На деньги, заработанные Калебом в плавании, Стрейтер нанял художника, который довольно точно изобразил действие на длинном куске ткани шириной несколько футов. Холст освещался сзади; медленно разворачиваясь, он изображал Калеба в вельботе, нападение кита, фантастическую картину – ноги, торчащие из челюстей гигантского млекопитающего. Были также изображены экзотические острова, поросшие пальмами.
Представление развлекало публику в церквях и городах по всему Восточному побережью. Стрейтер продавал буклеты, в которых ради оживления истории изображались полуголые туземные девушки. Через несколько лет Стрейтер и Калеб отошли от дел; к этому времени они были богаты, как самые удачливые капитаны-китобои.
Стрейтер купил в Нью-Бедфорде дом, а Калеб – особняк, похожий на свадебный торт, в деревушке Фэйрхевен на другом берегу залива в городе китобоев. Из башенки на крыше он наблюдал за отплытием и возвращением китобоев. И редко появлялся на улице при свете дня.
Выходя из дома, он закрывал голову и лицо капюшоном.
Соседи прозвали его Призраком; однако они оберегали уединение своего доморощенного Ионы, потому что Калеб стал щедрым благотворителем: он использовал свое богатство на строительство для общины школы и библиотеки.
Хозяин провел Стрейтера в большую комнату, совершенно пустую, если не считать удобного вращающегося кресла в центре. Вдоль стен располагалась диорама из балагана. Сидя в кресле, можно было поворачиваться и видеть историю «живого Ионы» от начала до конца.

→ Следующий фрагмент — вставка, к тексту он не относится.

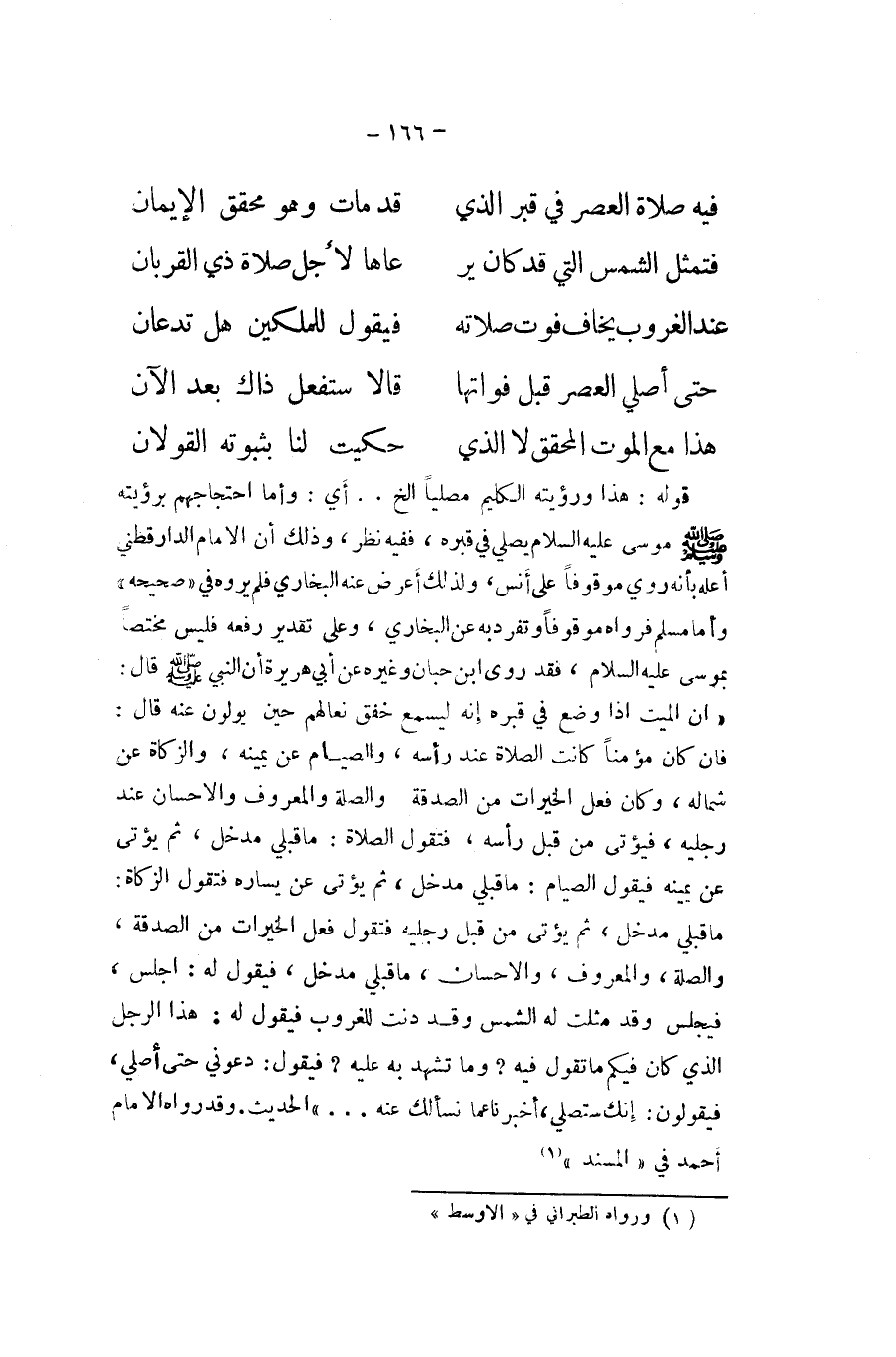قَوْله هَذَا ورؤيته الكليم مُصَليا الخ أَي وَأما احتجاجهم بِرُؤْيَتِهِ صلى الله عَلَيْهِ وَسلم مُوسَى عَلَيْهِ السَّلَام يُصَلِّي فِي قَبره فَفِيهِ نظر وَذَلِكَ ان الامام الدَّارَقُطْنِيّ اعله بِأَنَّهُ رُوِيَ مَوْقُوفا على أنس وَلذَلِك أعرض عَنهُ البُخَارِيّ فَلم يروه فِي صَحِيحه وَأما مُسلم فَرَوَاهُ مَوْقُوفا وَتفرد بِهِ عَن البُخَارِيّ وعَلى تَقْدِير رَفعه فَلَيْسَ مُخْتَصًّا بمُوسَى عَلَيْهِ السَّلَام فقد روى ابْن حبَان وَغَيره عَن ابي هُرَيْرَة ان النَّبِي صلى الله عَلَيْهِ وَسلم قَالَ ان الْمَيِّت اذا وضع فِي قَبره إِنَّه ليسمع خَفق نعَالهمْ حِين يولون عَنهُ قَالَ فان كَانَ مُؤمنا كَانَت الصَّلَاة عِنْد رَأسه وَالصِّيَام عَن يَمِينه وَالزَّكَاة عَن شِمَاله وَكَانَ فعل الْخيرَات من الصَّدَقَة والصلة وَالْمَعْرُوف والاحسان عِنْد رجلَيْهِ فَيُؤتى من قبل رَأسه فَتَقول الصَّلَاة مَا قبلي مدْخل ثمَّ يُؤْتى عَن يَمِينه فَيَقُول الصّيام مَا قبلي مدْخل ثمَّ يُؤْتى عَن يسَاره فَتَقول الزَّكَاة مَا قبلي مدْخل ثمَّ يُؤْتى من قبل رجلَيْهِ فَتَقول فعل الْخيرَات من الصَّدَقَة والصلة وَالْمَعْرُوف والاحسان مَا قبلي مدْخل فَيَقُول لَهُ اجْلِسْ فيجلس وَقد مثلت لَهُ الشَّمْس وَقد دنت للغروب فَيَقُول لَهُ هَذَا الرجل الَّذِي كَانَ فِيكُم مَا تَقول فِيهِ وَمَا تشهد بِهِ عَلَيْهِ فَيَقُول دَعونِي حَتَّى اصلي فَيَقُولُونَ إِنَّك ستصلي أخبرنَا عَمَّا نَسْأَلك عَنهُ الحَدِيث وَقد رَوَاهُ الامام أَحْمد فِي الْمسند

– Ну, что думаешь? – спросил Калеб друга.
Стрейтер покачал головой.
– Мне почти захотелось снова пуститься в дорогу с этим представлением.
– Давай поговорим об этом за стаканом вина, – сказал Калеб.
– Боюсь, у нас нет на это времени, – ответил Стрейтер. – Я к тебе с весточкой от Натана Доббса.
– Старшего сына капитана?
– Верно. Его отец умирает и хочет тебя видеть.
– Умирает! Не может быть! Ты сам говорил, что капитан здоров и силен, как молодой бычок.
– Его свалила не болезнь. На одной из его фабрик произошел несчастный случай. Упал ткацкий станок и раздавил ему ребра.
Со старческого лица Калеба сбежала последняя краска.
– Когда я могу его увидеть? – задал вопрос он.
– Надо ехать немедленно, – произнес Стрейтер. – Ему недолго осталось.
Калеб встал с кресла.
– Возьму пальто и шляпу.
Дорога к дому Доббса огибала Нью-Бедфордскую гавань и поднималась по Каунти-стрит. Подъездной путь и улица были уставлены экипажами. Натан Доббс встретил Калеба и Стрейтера у двери и поблагодарил за быстрый приезд. Он был высок и худощав, копия отца.
– С сожалением узнал о болезни вашего отца, – сказал Калеб. – Как капитан Доббс?
– Боюсь, он уже не жилец. Я отведу вас к нему.
В просторной гостиной и примыкающих к ней коридорах толпились десятеро детей капитана и его бесчисленные внуки. Когда вошел Натан Доббс в сопровождении Стрейтера и необычной фигуры в капюшоне, все замолчали. Натан пригласил Стрейтера располагаться поудобнее и отвел Калеба в комнату капитана.
Капитан Доббс лежал в кровати, возле него хлопотали жена и семейный врач. Они хотели, чтобы в комнате было темно, как диктовала тогдашняя медицинская практика, но капитан настоял на том, чтобы шторы раздернули и впустили солнце.
Луч медового осеннего солнца упал на морщинистое лицо умирающего. Хотя его львиная грива кое-где стала серебристо-серой, лицо выглядело моложе, чем можно было ожидать от человека шестидесяти с лишним лет. Но взгляд Доббса был отчужденным, далеким, словно он уже видел приближающуюся смерть. Жена капитана и врач отошли, Натан задержался у двери.
Доббс увидел гостя и сумел улыбнуться.
– Спасибо, что пришел, Калеб, – сказал капитан. Голос его, когда-то гремевший на корабле, превратился в хриплый шепот.